In fact, the article illustrates the reasons why an MDL proceeding is appropriate and essential to resolving business interruption insurance claims related to COVID-19. In this business interruption litigation regarding the pandemic, there are core common factual and legal issues, and absent creation of an MDL, there is a significant risk that there will be conflicting resolutions of these questions.
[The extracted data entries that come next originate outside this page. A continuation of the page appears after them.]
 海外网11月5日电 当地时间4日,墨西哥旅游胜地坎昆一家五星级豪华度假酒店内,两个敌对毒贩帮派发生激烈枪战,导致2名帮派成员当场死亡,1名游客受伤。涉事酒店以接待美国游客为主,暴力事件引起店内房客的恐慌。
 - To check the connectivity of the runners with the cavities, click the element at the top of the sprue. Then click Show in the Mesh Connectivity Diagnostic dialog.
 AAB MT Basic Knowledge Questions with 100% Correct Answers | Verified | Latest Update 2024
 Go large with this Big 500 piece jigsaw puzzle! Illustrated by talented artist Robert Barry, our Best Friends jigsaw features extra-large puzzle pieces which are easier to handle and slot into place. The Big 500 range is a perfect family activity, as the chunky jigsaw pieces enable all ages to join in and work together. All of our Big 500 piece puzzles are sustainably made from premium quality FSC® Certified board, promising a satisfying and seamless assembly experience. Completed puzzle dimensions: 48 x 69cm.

The article posits that detailed claims analysis is needed for all aspects of each insured's claim. But ironically, this is belied by what appears to be the insurance companies' own behavior in their handling of COVID-19 business interruption claims: The companies are systematically denying them en masse with little or no investigation, and in form fashion, to the detriment of their customers who are not getting what they paid for.
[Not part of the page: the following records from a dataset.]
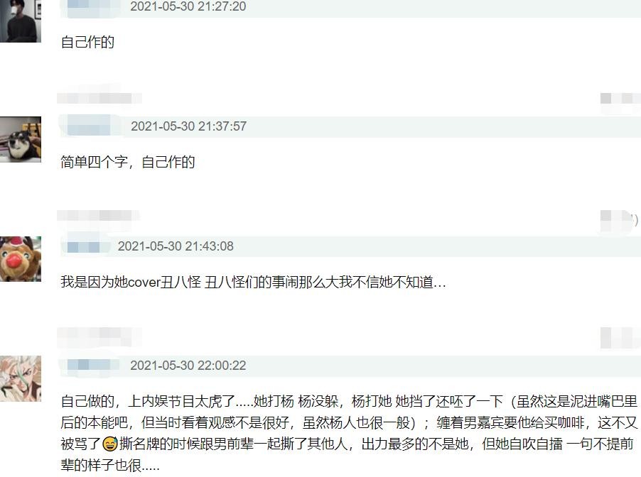 baby与宋雨琦矛盾爆发后,韩粉也是站队baby居多,认为宋雨琦被骂都是自己作的,在节目里用枕头打baby脸和吐口水,缠着男嘉宾买咖啡,撕名牌时抢占前辈功劳……虽然《奔兄》只是一个真人秀,宋雨琦的这些举动也不是什么大事,但细节见人品,坏印象就是这么累积起来的。
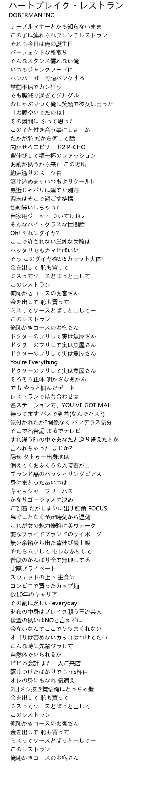| 歌曲 | ハートブレイク・レストラン |
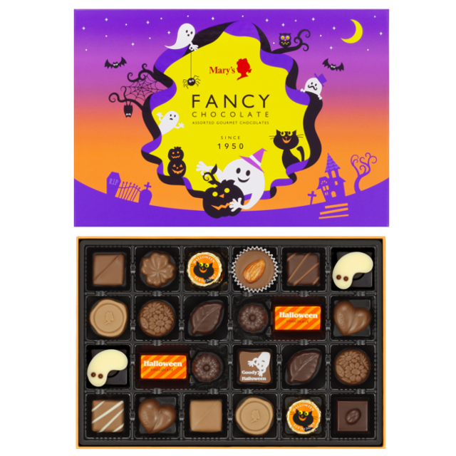 ハロウィンデザインの箱を開けると、にぎやかに並ぶチョコレートが登場!ハロウィンパーティーにおすすめです。

The author suggests that the purpose of the request for an MDL is to create "gravitas and a façade that insurers must pay for the policyholders' business income" and that "concentrated pressures and postures may be created that could lead to findings of coverage." But, moving beyond the creative adjectives, this argument rests on a faulty premise that business interruption insurance requires a physical alteration to property.

However, the law is far from settled on that point and policyholders have presented strong legal arguments why business income and civil authority insurance must pay for losses related to COVID-19 and related civil authority orders.[1] Regardless, "where the litigation involves common factual questions, centralization may be appropriate even though defendants predict that they will prevail on dispositive motions prior to commencement of discovery."[2]

In other words, just because the author assumes wrongly that the merits are weak, is not a reason for the rejection of an MDL proceeding.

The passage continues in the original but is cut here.